On the cool maps about baseball fandom

Junk Charts 2014-05-20

Josh Katz, who did the dialect maps I featured recently, is at it again. He's one of the co-authors of a series of maps (link) published by the New York Times about the fan territorities of major league baseball teams.

Similar to the dialect maps, these are very pleasing to look at, and also statistically interesting. The authors correctly point out that the primary points of interest are at the boundaries, and provide fourteen insets on particular regions. This small gesture represents a major shift from years past, when designers would have just printed an interactive map, letting readers figure out where the interesting stuff is.

The other interesting areas are the "no-man lands", the areas in which there are no local teams. The map uses the same kind of spatial averaging technology that blends the colors. The challenge here would be the larger number of colors.

I'd have preferred that they have given distinct colors to the teams like the Yankees and the Red Sox that have broader appeal. Maybe the Yankees is the only national team they discovered, since it does have the unique gray color which is very subtle.

I also think it is smart to hide the political boundaries of state, zip, etc. in the maps (unless you click on them).

I'd like to see a separate series of maps: small multiples by team, showing the geographical extent of each team.
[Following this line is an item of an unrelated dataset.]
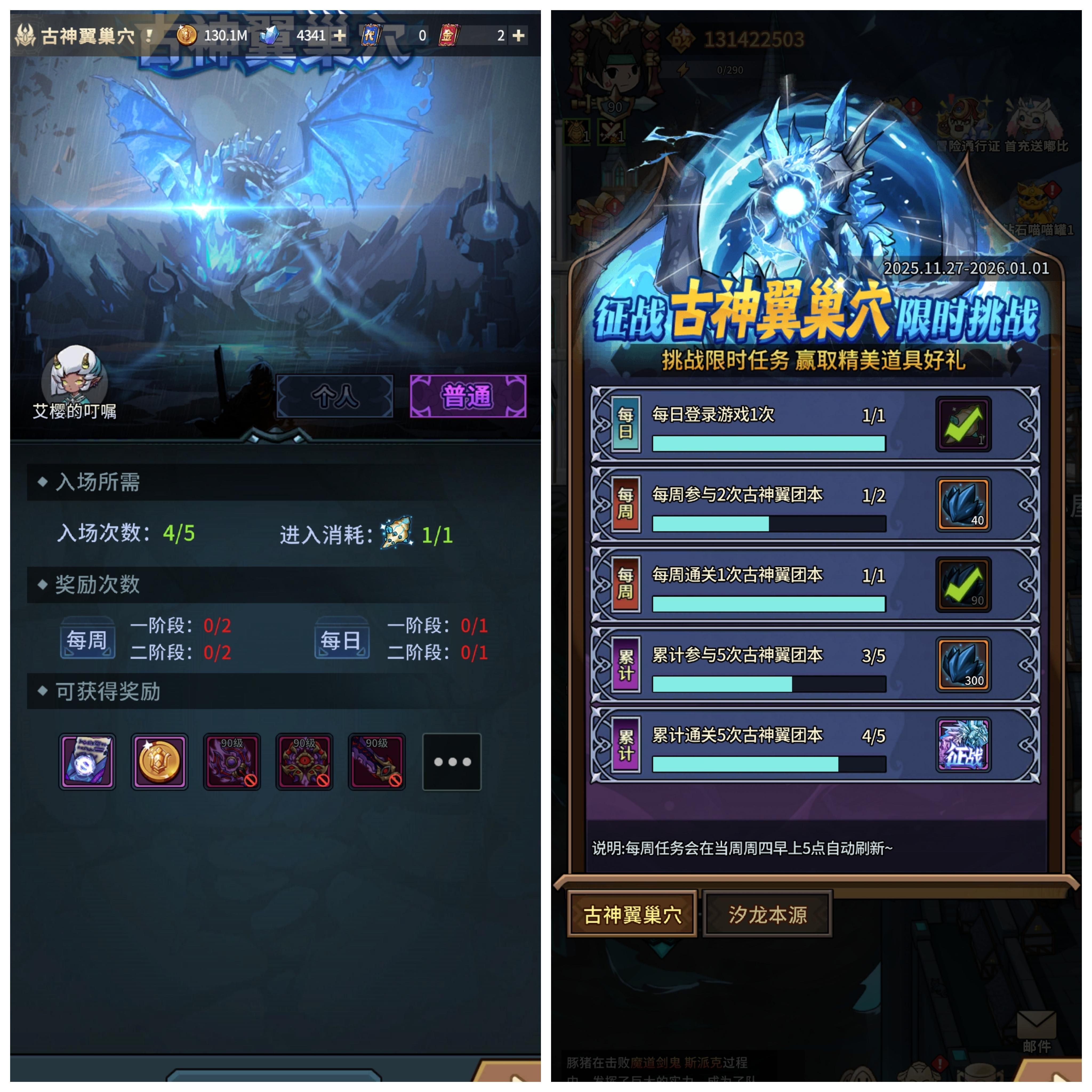 首先看这个公告,11月份bug和临时维护较多,对玩家有利的bug是迟迟不修复,影响氪金收益的活动秒修复,在这我就不赘述了,玩家心里清楚,一个打团组队状态异常问题,三个月了没有任何改变,本来团本人就少,再加上组队状态问题,有些本想打团的玩家也不打了,导致打团人数更少。团本给的材料数量也不合理,尤其是本源团本,下面我会着重讲。现在更新后,在图里面是加不了人,也看不了谁有牌子谁没牌子的,希望优化改回来,现在古神之翼还有个新bug,作为队长完成团本后,不扣团本次数也不扣团本门票,其实没啥影响,但是和活动挂钩,新区的玩家还是有点影响,如下图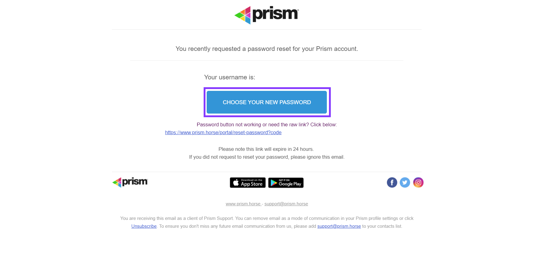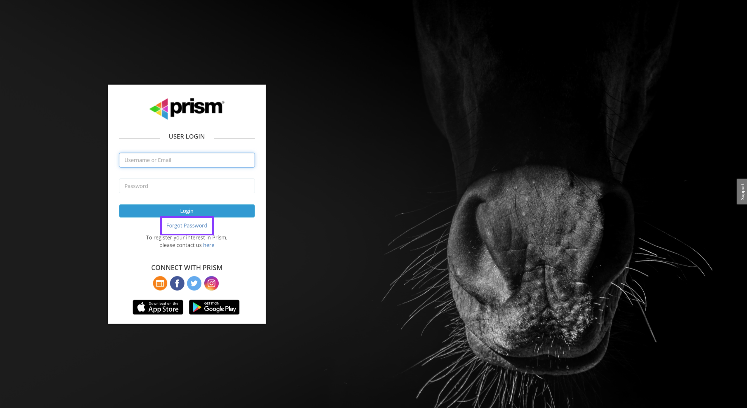 https://www.prism.horse/portal/login and clicking Forgot Password. From there, enter your email and a password reset will be sent to your Email.

This is a solution to the domination issue to be addressed below.

***

The issue of co-dominant groups I discussed in the dialect maps also shows up here. Notably, in New York, the Mets are invisible, and in the Bay Area, the Oakland As similarly do not appear on the map.

Recall that the each zip code is represented by the team with the highest absolute proportion of fans. It may be true that the Mets are perennial #2 in all relevant zip codes. Zooming into the Yankee territory, I didn't see any zip code in which Mets fans are more numerous. So this may be the perfect example of what falls through the cracks when the algorithm just drops everything but the top level.

***

Now, in the Trifecta checkup, we want to understand what the data is saying. I have to say this is a bit challenging. The core dataset contains Facebook Likes (aggregated to the zip-code level). It is not even clear what the base of those proportions are. Is it the total population in a zip code? the total Facebook users? the total potential baseball fans?

As I have said elsewhere, Facebook data is often taken to be "N=All". This is an assumption, not a fact of the data. Different baseball teams may have different social-media/Facebook strategies. Different teams may have different types of fans, who are more/less likely to be on Facebook. This is particularly true of cross-town rivals.

Apart from the obvious problem with brands buying or otherwise managing Likes, "Like" is a binary metric that doesn't measure fan fervor. It is a static measure as I don't believe Facebook users manage their list of Likes actively (please correct me if I am wrong about this behavior.)

We are not provided any real numbers, and none of the maps have scales. Unless we see some absolute counts, it is hard to know if the data make sense relative to other measures of fandom, like merchandise and ticket sales. With Facebook data, it is sometimes possible to have too much--in other words, you might find there are more team fans than potential baseball fans or even population in a specific zip code.

It is very likely that Facebook, which is the source of the aggregated data, did not want to have raw counts published. This is par for the course for the Internet giants, and also something I find completely baffling. Here are the evangelizers of privacy is dead, and they stockpile our data, and yet they lock the data up in their data centers, away from our reach. Does that make any sense?